It took but came. OnePlus has suffered many delays with the update to Lollipop. As you know he did it in two flavors: CyanogenMod 12S and OxygenOS. The first was a continuation of the original software that had this terminal, but also is the latest version that we will see with the Chinese manufacturer support. The second was the debutante, that would mark the path of the next versions. I decided to go for the latter, the path of the future of OnePlus.
I chose it for the simple reason to keep me in line I OnePlus wanted to pursue. With CyanogenMod 11S was very happy but I wanted to try something new. In addition, Alejandro (our colleague here in Xataka Android) chose the other ROM before me and to try each one with a different version we could contrast opinions. I’ve been a month using it and the experience has been rather disappointing. I explain it to you.
Too much noise and little oxygen
OxygenOS was presented as the new boyfriend of the OnePlus. After having broken with CyanogenMod, the Chinese manufacturer needed a new dance partner for your phone. He did well to choose its partners: the guys from Paranoid Android with a wide and proven experience in developing ROMs. Beyond Cyanogen, is one of the most competent and powerful teams. Together, they created this new version with base Lollipop.
It took to pull out it and, in addition, the installation was somewhat laborious since they could not serve a OTA directly from CyanogenMod 11S. Since we learned of the existence of this new ROM, OnePlus has given much hype and at the end was not so. Eye, is not a bad version, or you have optimization bug (although it is not free of small bugs) but what we are going to have with this ROM is nothing otherworldly, waiting was not so well worth.
Long name that is ahead, OxygenOS is in essence Android Lollipop 5.0. The team responsible for the software just has added features to this version and what leaves us in a software similar to that you would see, for example, in a Nexus. In fact, lost a lot of features that were available with Kit Kat in the previous official version of the OnePlus.
There are no issues, File Explorer applications have been removed and Cyanogen Gallery, nor is audio software… If you usabais all of this previously, I think that you better look version 12S and forget to OxygenOS. Another significant loss is the camera application, If with KitKat, we got to take pictures in RAW, here we we must comply with the tasteless and rather short application of Google for the camera.
This last is perhaps what I’ve most noticed by jumping into OxygenOS: not having a decent camera application is exasperating. Which leads is rather limited and also has an interface that does not work: a band take up much space on the screen and access to controls is little intuitive. Steps back in all directions in search of a pure Android.

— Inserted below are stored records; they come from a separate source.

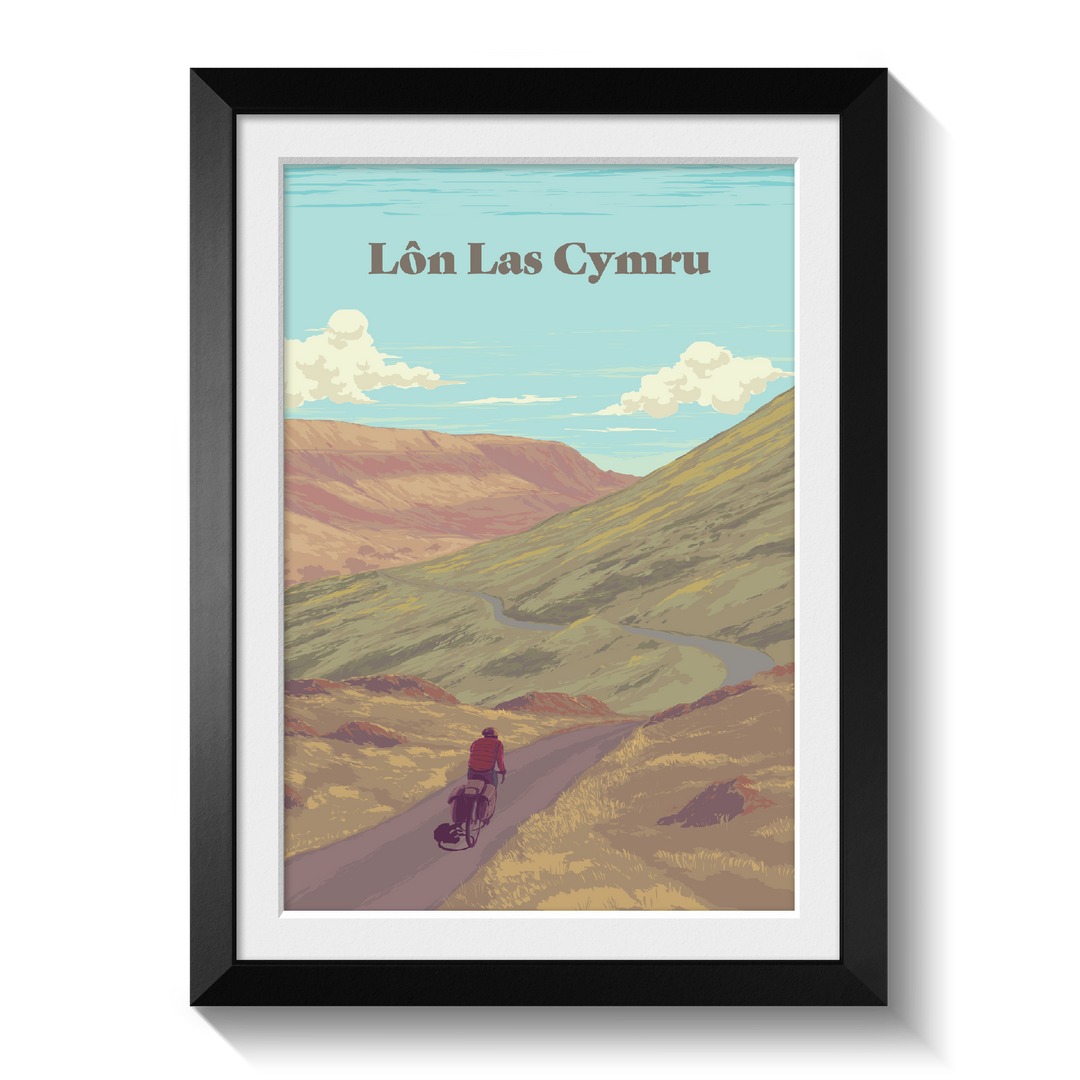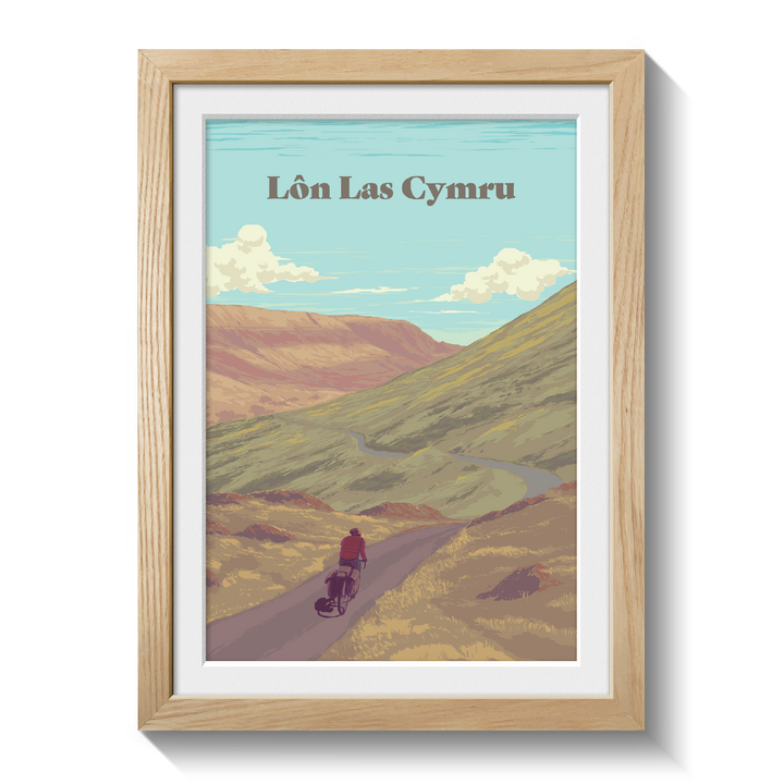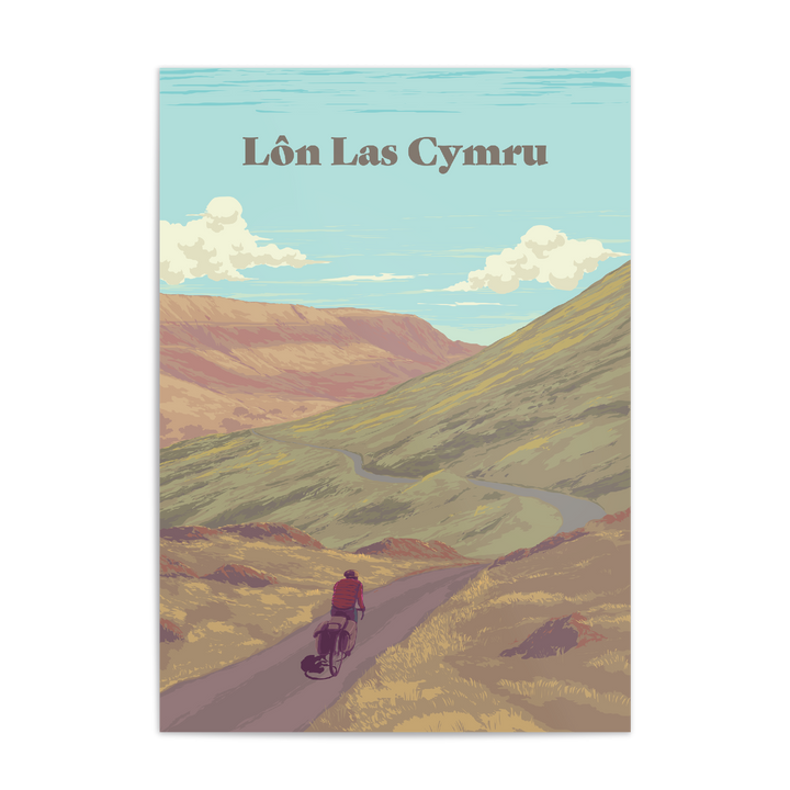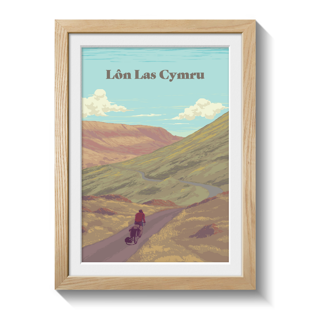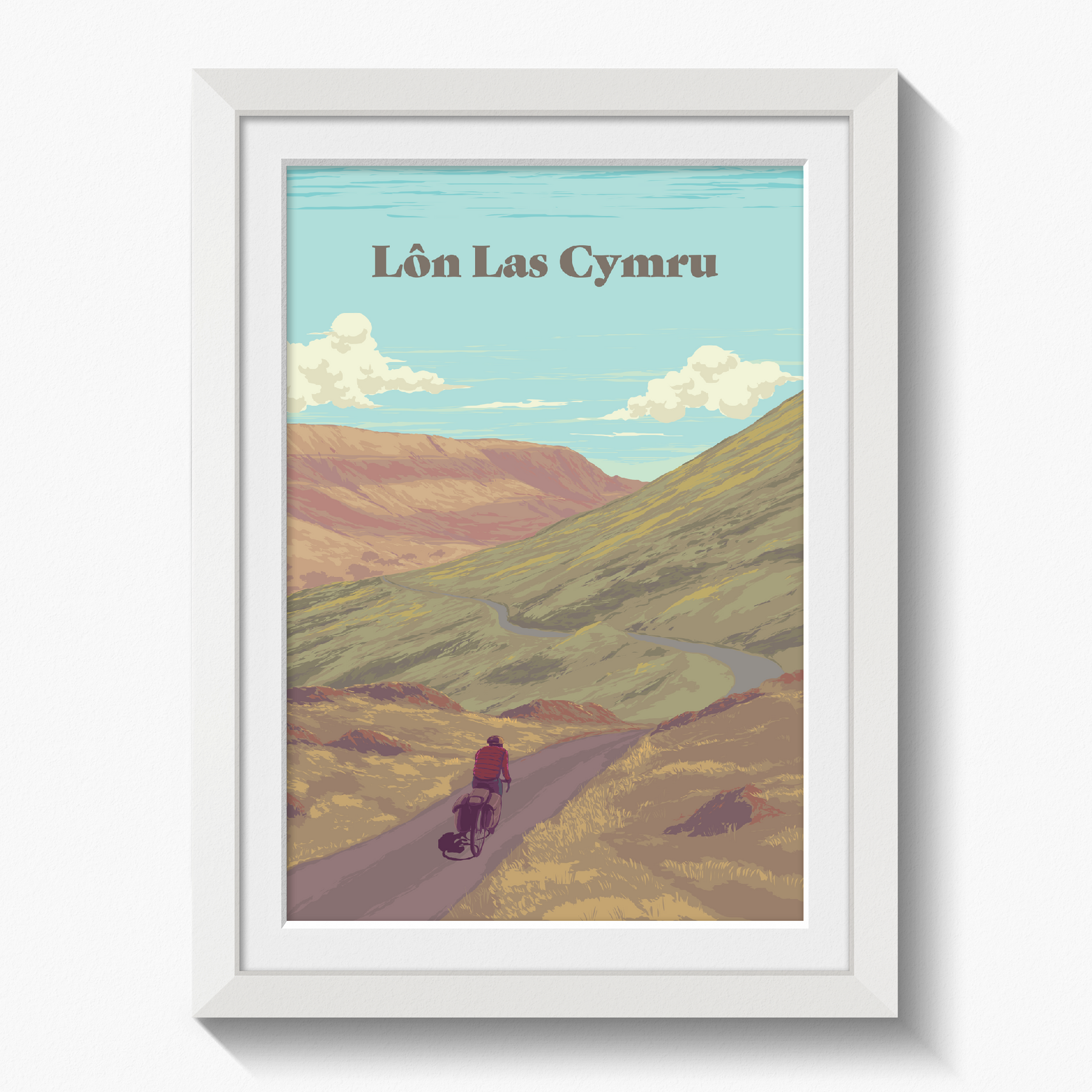 An original travel poster celebrating National Cycle Route 8, better known as Lon Las Cymru - a long distance cycle touring route through the heart of Wales from Cardiff to Holyhead.
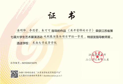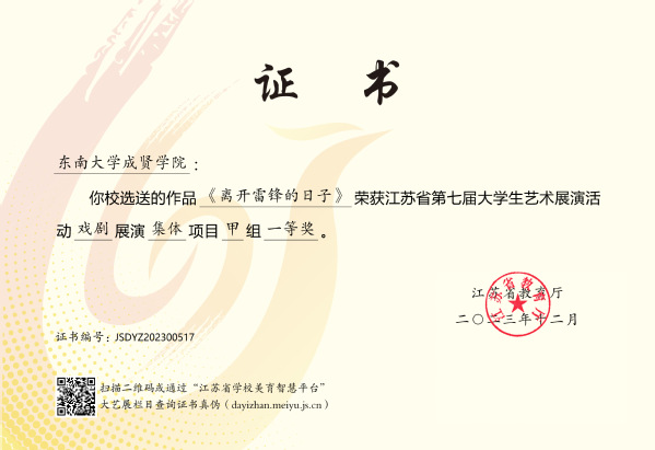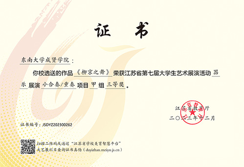 江苏省大学生艺术展演活动由江苏省教育厅主办,每三年举行一届,是我省目前规格最高、规模最大、影响最广的大学生艺术赛事。本届展演活动自启动以来,学校领导高度重视,校团委、大学生艺术指导中心精心筹备、组织召开工作协调会,指导教师与参赛学生们锐意进取、全力以赴,以高度的责任感和饱满的参赛热情打造具有成贤特色的高质量艺术作品,充分彰显了桃子视频 美育工作的育人实效和成贤学子昂扬向上、朝气蓬勃的青春风采。
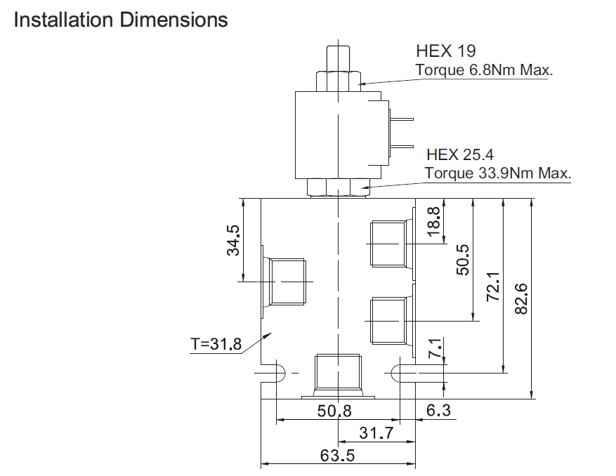 When de-energized, the EVCE-HF08-242 flow paths are port 2 to port 1,and port 3 to port 4.
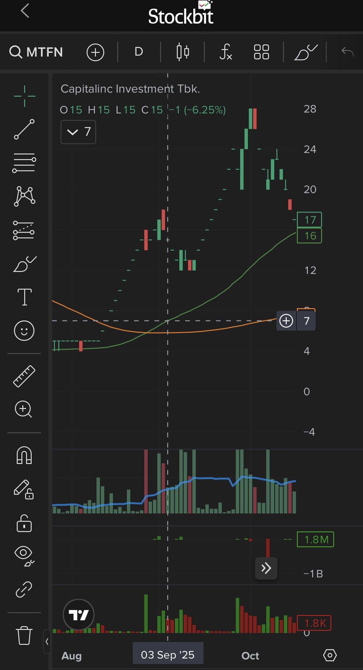 Kalo mau make teknikal, utamanya gap. Ini $MTFN di belakang juga ada gap di harga 7 pak, masa iya MTFN balik ke 7?😂
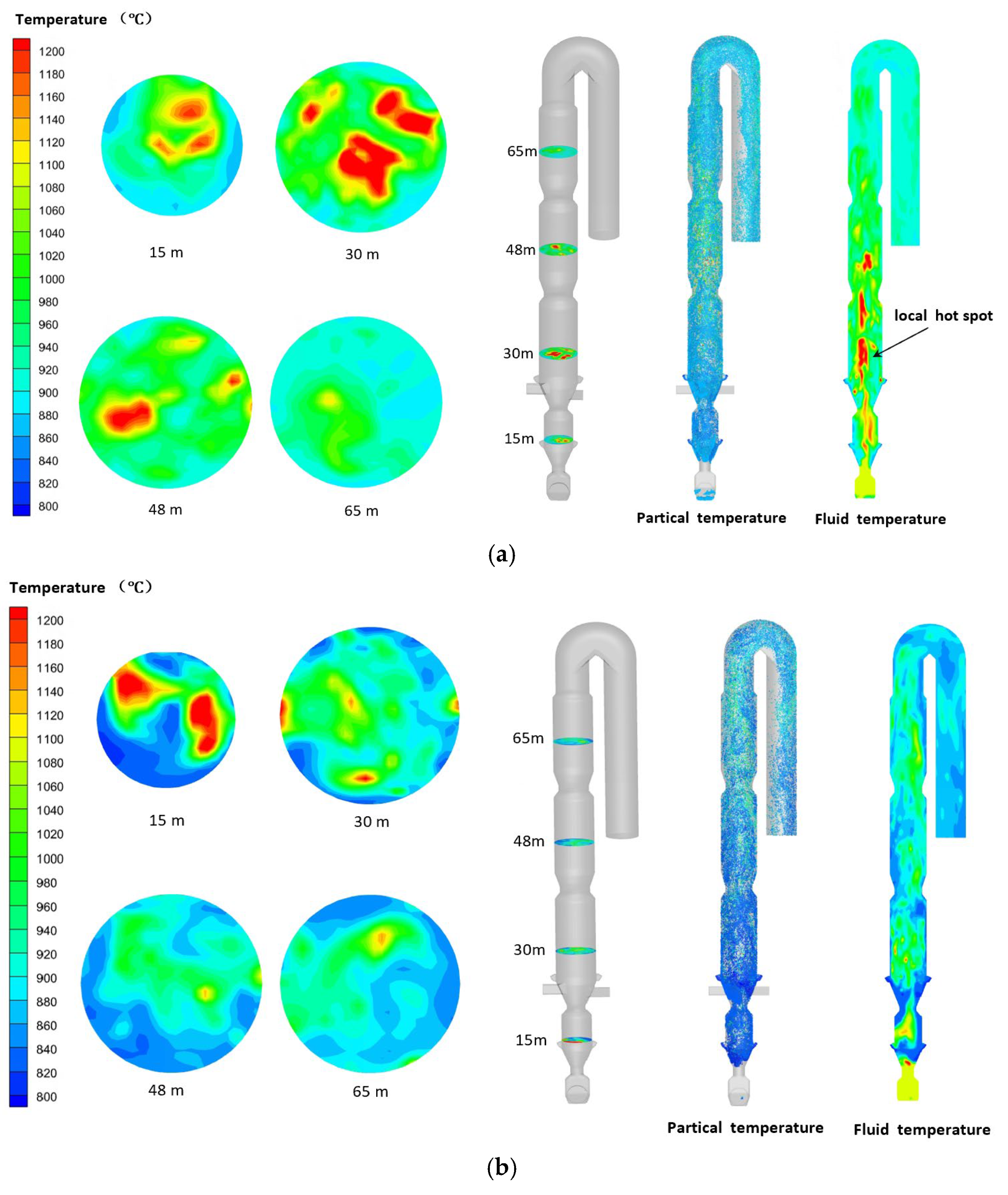 To analyze the temperature distribution under different combustion conditions, four horizontal planes were selected at heights of 15 m, 30 m, 48 m, and 65 m. These correspond to key regions within the calciner: the 15 m plane in the middle of the reducing zone, the 30 m plane in combustion zone 1, and the 48 m and 65 m planes within the two column sections of combustion zone 2. As shown in
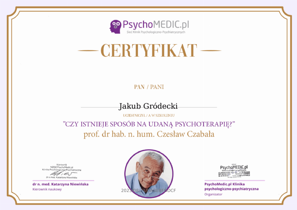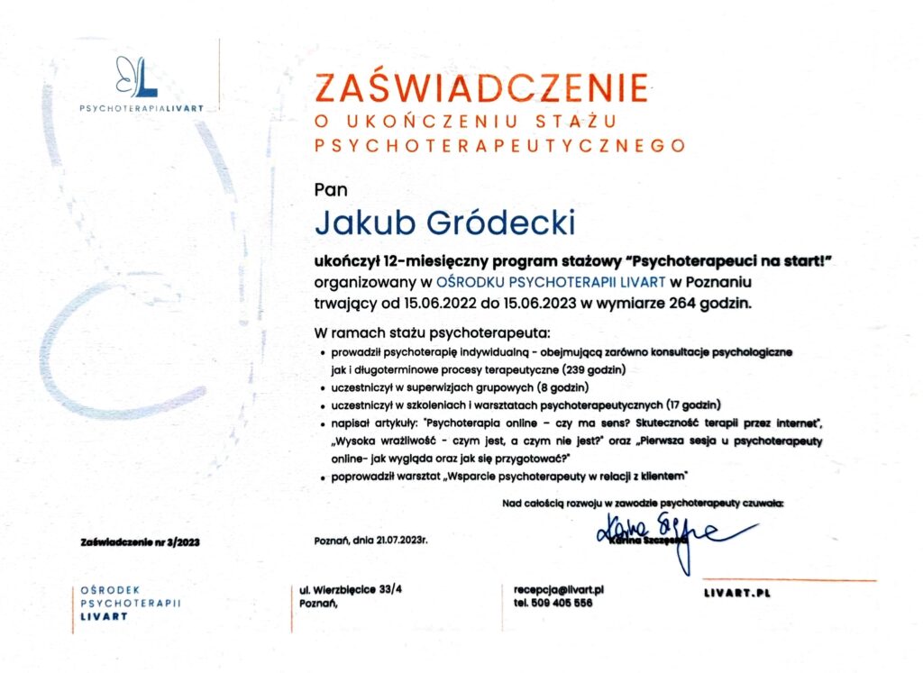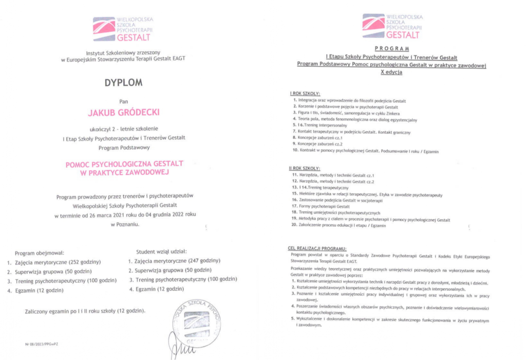 - Ukończony program „Pomoc Psychologiczna Gestalt w Praktyce Zawodowej” w Wielkopolskiej Szkole Psychoterapii Gestalt
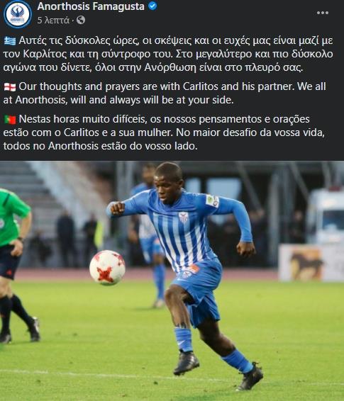 «Αυτές τις δύσκολες ώρες, οι σκέψεις και οι ευχές μας είναι μαζί με τον Καρλίτος και τη σύντροφο του. Στο μεγαλύτερο και πιο δύσκολο αγώνα που δίνετε, όλοι στην Ανόρθωση είναι στο πλευρό σας»., αναφέρει η ομάδα της Αμμοχώστου.
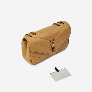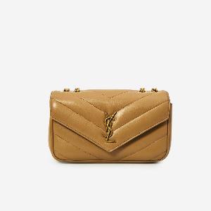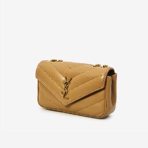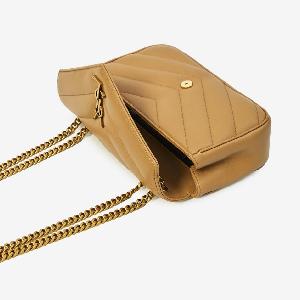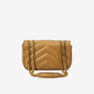 Beige soft lambskin bag with chevron quilted stitching. Features bronze-toned metal Cassandre signature details, snap magnetic closure, grosgrain lining, one main compartment, a removable leather pouch, a mirror, and a sliding chain strap.
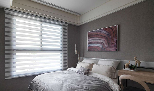 墙壁以山水画般的艺术画做装饰,将文艺气息带入卧室空间。
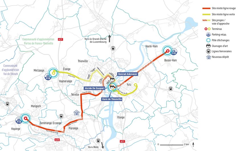 Citézen consiste en la création de 32 kilomètres de lignes de bus répartis en une ligne rouge, entre Hayange et Basse Ham, et une ligne verte entre Metzange et Yutz.
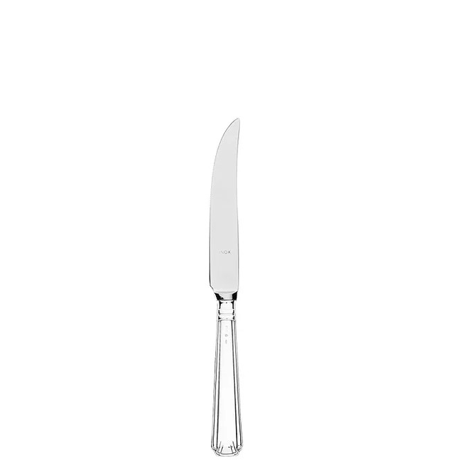 Elegantní stříbrná rukojeť na ocelový steakový nůž. Nádherný dárek pro milovníky stolování a krásných věcí. Ke každému kusu si můžete objednat dárkovou kazetu zde.
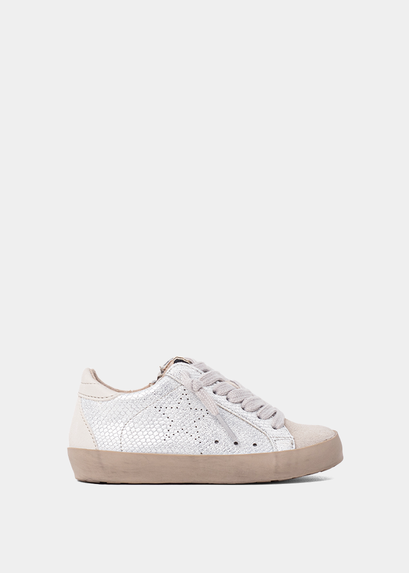 Check out our Mommy and Me collection! It features cute, scaled-down versions of our best-selling sneakers for you and your little one. MIA is a vintage-inspired sneaker made of high-quality metallic-silver faux leather and suede, with a sturdy sole and textured panels. It's versatile and can be paired with any outfit..
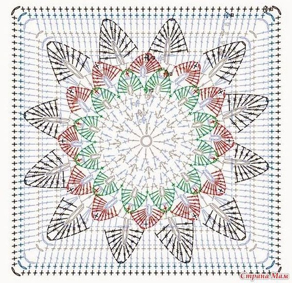Великолепные объёмные квадратные мотивы крючком со схемами
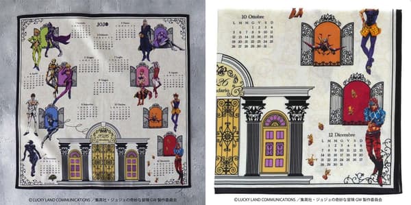 El diseño 'Golden Wind' captura la atmósfera del anime con esquemas de color sofisticados. El 'Pañuelo Calendario' presenta a todos los personajes principales y también funciona como calendario de 2026 con texto en italiano, manteniéndose fiel al escenario de la serie.
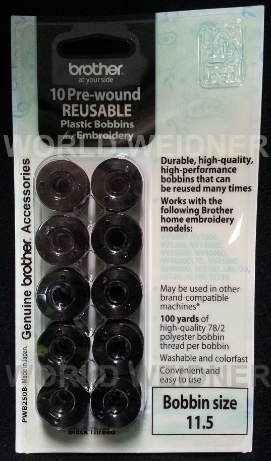 Brother 10pk Plastic Embroidery Bobbins Class 15 SA156

Not everything has been lost, fortunately, the gestures on the screen held, but in my experience with the OnePlus, are functions that I end up disabling. More than once has been activated me flash accidentally when she was Mobile in the Pocket. Turn on the display with a double-tap is maintained, but instead lost to do that same motion to turn it off.
Customization options, as I said, are rather scarce. There are no issues and in the end the only thing we can change is power panel where we can change the order of the icons, but we cannot put or delete others. “I want and I can not” that leaves a bitter taste.
Experience with OxygenOS after a month of use
Despite the many drawbacks that I have given so far to the ROM, one thing is indisputable: works very well. There are no problems with connections, everything moves very smoothly and the autonomy of the OnePlus has not been affected with the update. While Lollipop has many detractors, in this case the optimization work is superb. Works, but not daring to put new options.
All this month, I have only had a couple of unexpected reboots, something that I happened to your day with CyanogenMod 11S and be something very punctual can not take at face. This first version of OxygenOS, as I said above, is not free of bugs and one of the more curious, and repeat offenders, that I found was that the clock application suffers an unexpected closure when I lose network and later the recovered. Nothing serious, it does not affect the operation of the alarm nor does not lose time.
What most worried me with change was the battery consumption. The reality is that I have just the day with percentages similar to which they had when I used KitKat. If I don’t give you much use (a weekend for example) I can be two days with the same load without problems. During the week, where it is much more intense, it is normal to finish the day 15 to 5% of capacity.
The rest stays as is and the experience is identical to that you would have with any other top with Lollipop hair. It works well, we can enjoy everything what offers the latest version of Android… It is a well designed tool but lacks soul. If it weren’t for the animation of home when I turn on the terminal, I’d say it’s one ROM more.
What I most missed was the claw that had the OnePlus with CyanogenMod 11S. More customization options, elements that made it unique and that made me feel that I was using this phone and not another. With Oxygen, I feel use a smartphone with a ROM that could well have it installed on my own of any home developer who had a version made with few options for customization.
It has no soul, it is functional but has lost much charm. Let us hope that in future updates change this and that OxygenOS will become a more attractive ROM. At the moment, CyanogenMod 12S is the most attractive option. Let us hope that at the end of the year, when a new OnePlus, take advantage to expand functions. What have launched now seems more a fast product to get out of the commitment that failed: have Lollipop 90 days after it was released.